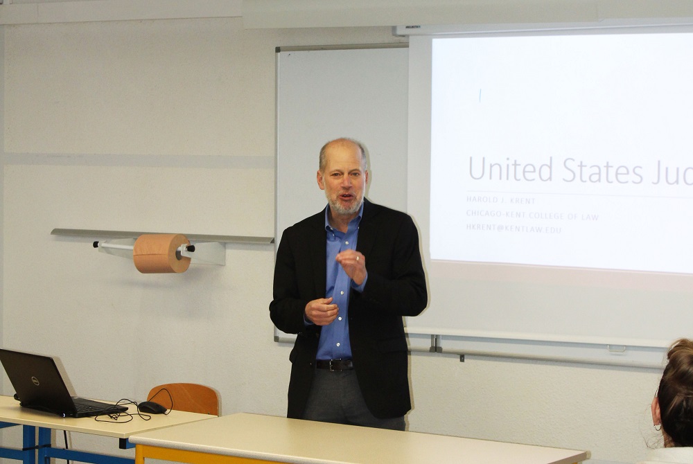Invité par Jean-Luc Piotraut, maître de conférences en droit privé, la faculté de droit, économie et administration de Metz a eu le plaisir d’accueillir, mercredi 20 novembre 2019, Harold J. Krent, doyen et professeur du Chicago-Kent College of Law. Les étudiants du master 2 Droit des affaires transfrontières ont eu le plaisir de suivre le cours de monsieur Krent, United States Judiciary, avant son intervention, jeudi 21 novembre, devant les étudiants de l’antenne de Sarreguemines.
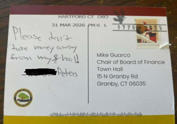 LET received a copy of one postcard sent to Guarco from someone named [redacted] Peters. We will not publish the child’s full name; however, we have been informed that this child is the son of Granby Board of Education Chair Monica Logan. The postcard read, “Don’t take money away from my school!!” Connecting the dots yet?
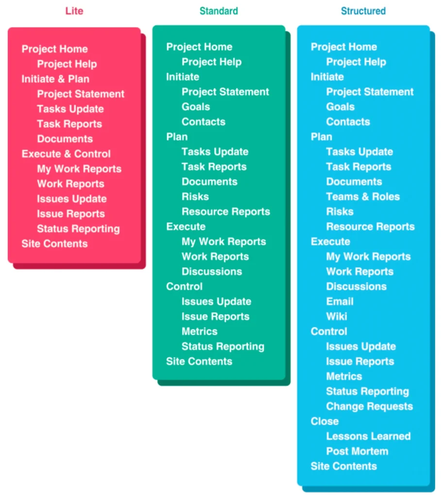 If the collaborative project site was modified as you went through the project, you will want to review the adaptations and apply those approved to the template used to create new project sites. This is a very pragmatic and efficient way to improve your approach to project management.

§ WHAT YOU WILL DO
The lines from the one containing "LET received a" to the final line of the material, both ends included, should be retyped exactly and alone, with no pictures.

§ RESPONSE AREA
 LET received a copy of one postcard sent to Guarco from someone named [redacted] Peters. We will not publish the child’s full name; however, we have been informed that this child is the son of Granby Board of Education Chair Monica Logan. The postcard read, “Don’t take money away from my school!!” Connecting the dots yet?
 If the collaborative project site was modified as you went through the project, you will want to review the adaptations and apply those approved to the template used to create new project sites. This is a very pragmatic and efficient way to improve your approach to project management.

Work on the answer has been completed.